U.S.-based investment management firm

D. E. Shaw & Co., L.P. is a multinational investment management firm founded in 1988 by David E. Shaw and based in New York City. The company is known for developing mathematical models and computer programs to exploit anomalies in financial markets. As of 2025, D. E. Shaw has $65 billion in assets under management, including alternative investments and long strategies.

Since 2020, the firm has had consecutive years of legal issues, including being held liable for defaming a former employee and being charged by the Securities and Exchange Commission for violating whistleblower protection laws.

== History ==
===1988–1996: Founding and early years===
The company was founded by David E. Shaw, a former Columbia University computer science professor with a PhD from Stanford University.
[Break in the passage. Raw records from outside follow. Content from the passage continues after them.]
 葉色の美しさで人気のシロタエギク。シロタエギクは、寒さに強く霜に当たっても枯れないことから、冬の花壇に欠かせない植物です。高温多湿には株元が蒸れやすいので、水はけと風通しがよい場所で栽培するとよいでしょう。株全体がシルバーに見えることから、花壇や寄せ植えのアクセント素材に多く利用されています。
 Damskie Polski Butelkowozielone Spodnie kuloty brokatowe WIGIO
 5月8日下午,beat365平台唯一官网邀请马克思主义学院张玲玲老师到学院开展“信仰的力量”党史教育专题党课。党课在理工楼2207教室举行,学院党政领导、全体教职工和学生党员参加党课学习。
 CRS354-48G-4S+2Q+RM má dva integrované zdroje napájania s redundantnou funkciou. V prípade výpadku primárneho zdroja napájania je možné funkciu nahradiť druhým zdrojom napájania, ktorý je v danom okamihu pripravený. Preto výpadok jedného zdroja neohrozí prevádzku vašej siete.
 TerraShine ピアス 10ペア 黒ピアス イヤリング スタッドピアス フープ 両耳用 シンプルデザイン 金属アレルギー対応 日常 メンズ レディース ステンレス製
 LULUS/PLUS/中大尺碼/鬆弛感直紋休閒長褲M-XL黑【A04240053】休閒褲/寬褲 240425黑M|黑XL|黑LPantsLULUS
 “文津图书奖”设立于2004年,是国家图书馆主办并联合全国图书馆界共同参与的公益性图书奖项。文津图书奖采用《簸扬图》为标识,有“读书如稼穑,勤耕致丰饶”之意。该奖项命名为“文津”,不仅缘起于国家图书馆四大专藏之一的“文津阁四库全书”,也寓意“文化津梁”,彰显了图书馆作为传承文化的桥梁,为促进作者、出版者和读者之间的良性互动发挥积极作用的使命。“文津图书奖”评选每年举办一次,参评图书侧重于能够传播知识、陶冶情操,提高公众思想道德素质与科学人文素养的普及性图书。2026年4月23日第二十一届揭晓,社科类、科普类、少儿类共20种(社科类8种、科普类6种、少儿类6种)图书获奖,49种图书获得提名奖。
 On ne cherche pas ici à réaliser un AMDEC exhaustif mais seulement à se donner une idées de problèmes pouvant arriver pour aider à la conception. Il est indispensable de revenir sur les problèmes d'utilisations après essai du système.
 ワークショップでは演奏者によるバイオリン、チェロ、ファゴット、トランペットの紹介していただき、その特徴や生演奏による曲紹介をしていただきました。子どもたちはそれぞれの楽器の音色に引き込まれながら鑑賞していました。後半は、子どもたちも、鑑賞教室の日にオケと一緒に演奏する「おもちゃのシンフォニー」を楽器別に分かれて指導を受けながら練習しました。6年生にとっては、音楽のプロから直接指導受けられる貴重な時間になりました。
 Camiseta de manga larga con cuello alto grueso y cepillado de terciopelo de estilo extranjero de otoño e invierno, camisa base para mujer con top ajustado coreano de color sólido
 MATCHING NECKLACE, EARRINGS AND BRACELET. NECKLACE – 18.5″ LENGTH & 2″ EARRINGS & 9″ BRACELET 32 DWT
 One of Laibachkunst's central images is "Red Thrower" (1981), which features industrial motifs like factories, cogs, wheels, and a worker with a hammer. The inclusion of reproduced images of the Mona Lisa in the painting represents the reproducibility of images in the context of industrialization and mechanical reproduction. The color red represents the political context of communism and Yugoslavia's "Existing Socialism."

D. E. Shaw began investing in June 1989, having secured $28 million in capital from Donald Sussman's Paloma Partners and several private investors. The company carefully protected its proprietary trading algorithms. Many of its early employees were scientists, mathematicians, and computer programmers.

In 1994, the company's net return was 26 percent. It managed several hundred million dollars in "market-neutral strategies, including statistical arbitrage, Japanese warrant arbitrage, convertible-bond arbitrage and fixed-income trading." Its non-hedge fund activities in the mid-90s included setting up a broker-dealer subsidiary, founding the email provider Juno Online Services, launching an online banking and brokerage firm, and opening an office in India focused on developing software and systems to support the company's trading operations and online businesses.

===1997: Strategic alliance with Bank of America===
In 1997, the firm returned capital to most of its early investors in favor of a structured credit facility of nearly $2 billion from Bank of America, with terms that allowed D. E. Shaw & Co. to keep a higher fraction of profits than hedge fund investors normally allow. In effect, Bank of America provided an infusion of $1.4 billion to D. E. Shaw, hoping to benefit from the latter's investment expertise. The 1998 Russian financial crisis resulted in large losses for D. E. Shaw's fixed-income portfolio. As a result, Bank of America lost $570 million due to its investment in D. E. Shaw, and paid out an additional $490 million to settle associated shareholder lawsuits.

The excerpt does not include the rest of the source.